AI’s Invisible Cost
Jul 25, 2025
2 min read
Author
By Maxime Pasquier, Investor & Rasmus Holt @ Blackwood

The rapid adoption of generative AI has created a paradox: a technology celebrated for efficiency and intelligence may be operating on an increasingly wasteful physical substrate.
Behind each neatly composed sentence from a chatbot lies a staggering demand for electricity, water, and raw materials. Yet, this environmental footprint remains largely hidden from public discourse.

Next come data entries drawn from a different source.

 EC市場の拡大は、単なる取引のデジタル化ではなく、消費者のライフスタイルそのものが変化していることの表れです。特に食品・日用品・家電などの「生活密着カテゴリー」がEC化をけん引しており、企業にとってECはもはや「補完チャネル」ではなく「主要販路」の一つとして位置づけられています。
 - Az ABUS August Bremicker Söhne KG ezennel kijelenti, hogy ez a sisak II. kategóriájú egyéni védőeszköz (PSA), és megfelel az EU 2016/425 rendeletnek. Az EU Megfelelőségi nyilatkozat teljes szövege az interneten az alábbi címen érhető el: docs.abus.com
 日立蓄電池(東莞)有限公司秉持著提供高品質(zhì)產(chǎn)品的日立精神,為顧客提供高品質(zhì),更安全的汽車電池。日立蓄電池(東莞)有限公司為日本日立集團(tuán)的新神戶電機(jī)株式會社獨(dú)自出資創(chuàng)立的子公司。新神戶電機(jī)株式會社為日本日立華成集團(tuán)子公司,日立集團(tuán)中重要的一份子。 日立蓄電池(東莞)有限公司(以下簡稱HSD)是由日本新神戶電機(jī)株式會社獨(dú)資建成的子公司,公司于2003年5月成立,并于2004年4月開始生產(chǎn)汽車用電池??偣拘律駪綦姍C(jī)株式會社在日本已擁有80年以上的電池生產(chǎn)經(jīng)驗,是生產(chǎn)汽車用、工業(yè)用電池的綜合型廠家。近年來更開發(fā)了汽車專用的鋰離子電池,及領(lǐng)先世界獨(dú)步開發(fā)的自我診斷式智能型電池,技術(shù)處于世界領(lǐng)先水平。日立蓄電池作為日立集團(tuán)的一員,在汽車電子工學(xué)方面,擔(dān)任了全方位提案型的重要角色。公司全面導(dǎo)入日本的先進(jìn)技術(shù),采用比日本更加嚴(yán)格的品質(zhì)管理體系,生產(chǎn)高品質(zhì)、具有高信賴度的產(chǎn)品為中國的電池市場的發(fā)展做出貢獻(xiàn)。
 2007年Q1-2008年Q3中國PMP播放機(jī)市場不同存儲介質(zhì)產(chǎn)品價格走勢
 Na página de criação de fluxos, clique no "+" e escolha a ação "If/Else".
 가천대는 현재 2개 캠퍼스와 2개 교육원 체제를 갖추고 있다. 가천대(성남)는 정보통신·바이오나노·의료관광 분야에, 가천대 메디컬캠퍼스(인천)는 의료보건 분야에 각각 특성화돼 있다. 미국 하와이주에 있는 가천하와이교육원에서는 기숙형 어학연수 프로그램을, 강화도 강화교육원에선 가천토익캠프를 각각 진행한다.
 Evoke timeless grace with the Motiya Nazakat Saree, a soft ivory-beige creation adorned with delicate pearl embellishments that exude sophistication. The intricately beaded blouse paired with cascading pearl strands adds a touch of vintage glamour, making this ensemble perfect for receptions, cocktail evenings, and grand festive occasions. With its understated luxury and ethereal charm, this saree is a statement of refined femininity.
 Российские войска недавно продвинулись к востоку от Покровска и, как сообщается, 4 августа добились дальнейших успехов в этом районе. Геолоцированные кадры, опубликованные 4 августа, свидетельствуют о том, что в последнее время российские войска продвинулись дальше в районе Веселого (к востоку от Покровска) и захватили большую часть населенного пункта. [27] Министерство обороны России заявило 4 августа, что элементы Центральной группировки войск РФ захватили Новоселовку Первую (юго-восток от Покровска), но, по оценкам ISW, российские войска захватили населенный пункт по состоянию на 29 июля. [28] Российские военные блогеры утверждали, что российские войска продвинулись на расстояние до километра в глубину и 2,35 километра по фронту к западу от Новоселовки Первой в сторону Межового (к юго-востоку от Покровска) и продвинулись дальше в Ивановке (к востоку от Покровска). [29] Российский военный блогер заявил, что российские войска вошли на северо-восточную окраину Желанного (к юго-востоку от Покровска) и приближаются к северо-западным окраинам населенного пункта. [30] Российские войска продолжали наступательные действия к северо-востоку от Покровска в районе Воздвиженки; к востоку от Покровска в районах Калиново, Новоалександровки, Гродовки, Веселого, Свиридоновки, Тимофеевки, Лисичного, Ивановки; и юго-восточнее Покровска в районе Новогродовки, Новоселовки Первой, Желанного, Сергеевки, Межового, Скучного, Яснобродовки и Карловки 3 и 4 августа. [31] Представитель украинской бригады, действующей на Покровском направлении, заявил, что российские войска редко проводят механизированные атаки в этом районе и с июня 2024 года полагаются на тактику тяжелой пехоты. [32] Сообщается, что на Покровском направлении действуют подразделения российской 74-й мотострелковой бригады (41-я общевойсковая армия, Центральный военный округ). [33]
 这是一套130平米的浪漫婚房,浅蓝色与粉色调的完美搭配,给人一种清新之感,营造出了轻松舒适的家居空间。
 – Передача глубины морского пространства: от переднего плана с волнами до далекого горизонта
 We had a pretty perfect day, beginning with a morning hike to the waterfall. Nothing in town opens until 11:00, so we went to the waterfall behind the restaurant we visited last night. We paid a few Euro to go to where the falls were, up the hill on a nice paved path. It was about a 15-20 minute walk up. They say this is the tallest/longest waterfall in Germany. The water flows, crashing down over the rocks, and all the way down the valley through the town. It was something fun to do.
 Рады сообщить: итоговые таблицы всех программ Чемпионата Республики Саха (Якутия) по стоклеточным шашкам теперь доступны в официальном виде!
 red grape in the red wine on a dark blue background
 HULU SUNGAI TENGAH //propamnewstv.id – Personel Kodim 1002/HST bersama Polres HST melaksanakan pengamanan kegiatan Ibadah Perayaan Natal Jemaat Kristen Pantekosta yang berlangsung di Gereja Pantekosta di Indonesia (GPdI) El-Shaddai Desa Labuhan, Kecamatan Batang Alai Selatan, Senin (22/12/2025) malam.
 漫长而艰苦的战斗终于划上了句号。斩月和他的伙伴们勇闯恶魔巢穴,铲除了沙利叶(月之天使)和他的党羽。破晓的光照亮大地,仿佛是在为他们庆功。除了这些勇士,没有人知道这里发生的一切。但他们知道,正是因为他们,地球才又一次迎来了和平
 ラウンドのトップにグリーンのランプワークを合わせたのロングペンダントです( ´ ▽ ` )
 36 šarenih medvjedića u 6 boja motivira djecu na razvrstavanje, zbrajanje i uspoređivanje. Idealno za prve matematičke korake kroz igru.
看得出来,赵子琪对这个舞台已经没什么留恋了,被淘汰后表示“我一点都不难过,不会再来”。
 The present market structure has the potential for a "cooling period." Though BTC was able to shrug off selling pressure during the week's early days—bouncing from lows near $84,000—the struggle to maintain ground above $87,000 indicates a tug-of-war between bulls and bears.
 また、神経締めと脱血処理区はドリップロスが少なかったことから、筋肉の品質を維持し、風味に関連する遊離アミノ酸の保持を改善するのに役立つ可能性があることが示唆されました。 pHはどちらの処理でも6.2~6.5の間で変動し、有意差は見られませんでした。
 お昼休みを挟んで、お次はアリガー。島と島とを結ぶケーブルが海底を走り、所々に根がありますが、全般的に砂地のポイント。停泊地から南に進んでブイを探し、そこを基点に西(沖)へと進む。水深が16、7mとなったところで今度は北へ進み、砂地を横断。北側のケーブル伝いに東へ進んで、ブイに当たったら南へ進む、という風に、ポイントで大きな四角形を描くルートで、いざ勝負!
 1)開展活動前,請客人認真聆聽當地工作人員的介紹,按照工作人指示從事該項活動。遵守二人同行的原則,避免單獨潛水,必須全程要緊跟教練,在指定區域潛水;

The figures are no longer speculative. According to MIT research, the electricity consumption of data centers globally stood at 460 terawatt-hours in 2022. That would make data centers the 11th largest electricity consumer in the world, ahead of Saudi Arabia. And with generative AI driving demand, that number could double by 2026. The result? An infrastructure boom powered disproportionately by fossil fuels, as renewable energy capacity fails to match the pace of new GPU clusters. Fusion would be wonderful…
Mistral AI, to its credit, has now released the first lifecycle analysis (LCA) of a large language model (LLM). The results are sobering. Training its “Large 2” model generated over 20,000 tons of CO2e and consumed 281,000 cubic meters of water. Every 400-token response served by their assistant “Le Chat” consumes 1.14 grams of CO2e and 45 mL of water. Multiply that by billions of daily prompts, and the environmental tally begins to rival entire industrial sectors.
The work from Mistral, MIT, and others is a step in the right direction. But it’s not enough to publish whitepapers and hope for self-regulation. Environmental sustainability must become a first-class design principle in AI. Otherwise, we risk building a smarter digital world on top of a degraded physical one.